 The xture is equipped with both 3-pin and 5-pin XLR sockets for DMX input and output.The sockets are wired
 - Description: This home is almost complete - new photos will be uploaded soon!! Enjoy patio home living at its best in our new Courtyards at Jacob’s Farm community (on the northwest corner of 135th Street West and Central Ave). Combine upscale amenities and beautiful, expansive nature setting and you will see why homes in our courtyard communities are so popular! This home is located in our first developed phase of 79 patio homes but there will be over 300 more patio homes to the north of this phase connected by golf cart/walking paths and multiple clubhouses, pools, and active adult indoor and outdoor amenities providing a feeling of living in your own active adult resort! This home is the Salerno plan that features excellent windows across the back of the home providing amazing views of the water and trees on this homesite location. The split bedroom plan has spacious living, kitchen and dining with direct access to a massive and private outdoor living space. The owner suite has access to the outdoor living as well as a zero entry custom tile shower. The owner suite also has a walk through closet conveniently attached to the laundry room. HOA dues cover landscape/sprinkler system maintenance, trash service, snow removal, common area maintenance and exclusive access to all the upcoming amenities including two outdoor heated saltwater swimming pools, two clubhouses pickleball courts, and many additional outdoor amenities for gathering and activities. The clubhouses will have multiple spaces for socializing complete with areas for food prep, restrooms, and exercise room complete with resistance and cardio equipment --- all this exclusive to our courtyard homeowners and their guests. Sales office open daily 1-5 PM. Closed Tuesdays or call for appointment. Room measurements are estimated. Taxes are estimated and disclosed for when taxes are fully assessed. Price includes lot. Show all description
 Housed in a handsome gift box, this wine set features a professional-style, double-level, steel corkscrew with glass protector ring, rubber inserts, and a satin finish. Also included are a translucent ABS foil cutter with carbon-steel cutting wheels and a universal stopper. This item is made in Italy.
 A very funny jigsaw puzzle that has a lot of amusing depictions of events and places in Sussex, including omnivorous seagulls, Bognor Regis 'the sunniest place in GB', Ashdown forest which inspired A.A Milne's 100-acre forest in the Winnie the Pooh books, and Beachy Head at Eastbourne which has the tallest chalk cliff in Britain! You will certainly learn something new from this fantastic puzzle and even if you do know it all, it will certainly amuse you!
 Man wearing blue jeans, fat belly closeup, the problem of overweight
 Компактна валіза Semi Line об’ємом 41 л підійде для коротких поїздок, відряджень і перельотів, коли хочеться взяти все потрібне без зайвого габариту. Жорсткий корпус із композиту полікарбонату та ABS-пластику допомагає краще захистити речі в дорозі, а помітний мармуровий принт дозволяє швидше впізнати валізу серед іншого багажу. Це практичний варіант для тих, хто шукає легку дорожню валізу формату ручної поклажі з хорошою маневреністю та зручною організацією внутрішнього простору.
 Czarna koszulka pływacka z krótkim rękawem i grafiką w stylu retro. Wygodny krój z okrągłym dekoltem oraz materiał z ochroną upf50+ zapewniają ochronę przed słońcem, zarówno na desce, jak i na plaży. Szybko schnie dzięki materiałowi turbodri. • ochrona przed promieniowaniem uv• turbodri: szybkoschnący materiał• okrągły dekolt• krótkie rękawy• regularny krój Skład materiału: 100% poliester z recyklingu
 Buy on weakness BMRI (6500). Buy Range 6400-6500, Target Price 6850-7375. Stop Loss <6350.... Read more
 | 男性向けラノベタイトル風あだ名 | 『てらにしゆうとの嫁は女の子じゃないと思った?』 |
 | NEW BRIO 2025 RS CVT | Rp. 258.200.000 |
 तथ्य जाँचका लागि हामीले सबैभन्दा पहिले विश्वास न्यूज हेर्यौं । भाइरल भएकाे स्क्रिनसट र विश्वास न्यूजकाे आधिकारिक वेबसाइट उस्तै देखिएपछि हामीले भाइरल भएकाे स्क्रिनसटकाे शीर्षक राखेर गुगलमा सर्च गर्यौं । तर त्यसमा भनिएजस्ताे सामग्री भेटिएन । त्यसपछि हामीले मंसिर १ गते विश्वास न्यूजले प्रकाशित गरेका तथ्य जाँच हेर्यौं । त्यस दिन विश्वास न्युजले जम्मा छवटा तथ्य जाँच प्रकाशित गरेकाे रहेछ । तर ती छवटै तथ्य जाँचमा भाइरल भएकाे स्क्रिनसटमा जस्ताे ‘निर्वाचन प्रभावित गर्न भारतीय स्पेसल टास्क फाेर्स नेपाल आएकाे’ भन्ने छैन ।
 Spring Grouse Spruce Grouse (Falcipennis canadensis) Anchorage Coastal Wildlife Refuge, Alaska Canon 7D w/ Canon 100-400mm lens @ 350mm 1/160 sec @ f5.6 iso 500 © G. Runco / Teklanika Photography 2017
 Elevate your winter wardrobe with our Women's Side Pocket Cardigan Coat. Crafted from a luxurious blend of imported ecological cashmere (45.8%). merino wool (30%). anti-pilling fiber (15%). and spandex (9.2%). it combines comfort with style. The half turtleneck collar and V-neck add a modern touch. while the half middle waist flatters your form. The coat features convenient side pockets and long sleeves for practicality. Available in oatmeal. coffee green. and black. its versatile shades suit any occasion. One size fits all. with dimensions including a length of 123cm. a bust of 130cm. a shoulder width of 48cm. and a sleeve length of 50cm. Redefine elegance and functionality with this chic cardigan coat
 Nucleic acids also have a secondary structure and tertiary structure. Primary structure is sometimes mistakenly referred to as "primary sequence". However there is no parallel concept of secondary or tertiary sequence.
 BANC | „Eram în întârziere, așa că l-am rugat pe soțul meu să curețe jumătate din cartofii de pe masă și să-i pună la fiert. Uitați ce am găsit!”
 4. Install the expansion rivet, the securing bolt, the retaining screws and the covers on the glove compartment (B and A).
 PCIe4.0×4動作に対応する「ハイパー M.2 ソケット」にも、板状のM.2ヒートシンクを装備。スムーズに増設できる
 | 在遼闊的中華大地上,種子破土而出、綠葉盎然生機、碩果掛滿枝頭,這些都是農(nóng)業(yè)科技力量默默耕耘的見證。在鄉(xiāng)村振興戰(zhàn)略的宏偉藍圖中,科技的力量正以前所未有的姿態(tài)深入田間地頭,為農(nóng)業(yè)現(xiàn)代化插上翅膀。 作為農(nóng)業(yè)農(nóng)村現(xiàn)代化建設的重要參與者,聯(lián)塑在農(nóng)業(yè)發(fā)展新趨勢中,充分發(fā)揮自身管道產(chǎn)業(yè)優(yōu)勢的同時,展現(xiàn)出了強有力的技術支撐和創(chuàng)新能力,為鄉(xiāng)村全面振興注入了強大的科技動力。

Required work: Take each line from the preceding material that contains "style" and copy it.

Answer to this task:
 Housed in a handsome gift box, this wine set features a professional-style, double-level, steel corkscrew with glass protector ring, rubber inserts, and a satin finish. Also included are a translucent ABS foil cutter with carbon-steel cutting wheels and a universal stopper. This item is made in Italy.
 Elevate your winter wardrobe with our Women's Side Pocket Cardigan Coat. Crafted from a luxurious blend of imported ecological cashmere (45.8%). merino wool (30%). anti-pilling fiber (15%). and spandex (9.2%). it combines comfort with style. The half turtleneck collar and V-neck add a modern touch. while the half middle waist flatters your form. The coat features convenient side pockets and long sleeves for practicality. Available in oatmeal. coffee green. and black. its versatile shades suit any occasion. One size fits all. with dimensions including a length of 123cm. a bust of 130cm. a shoulder width of 48cm. and a sleeve length of 50cm. Redefine elegance and functionality with this chic cardigan coat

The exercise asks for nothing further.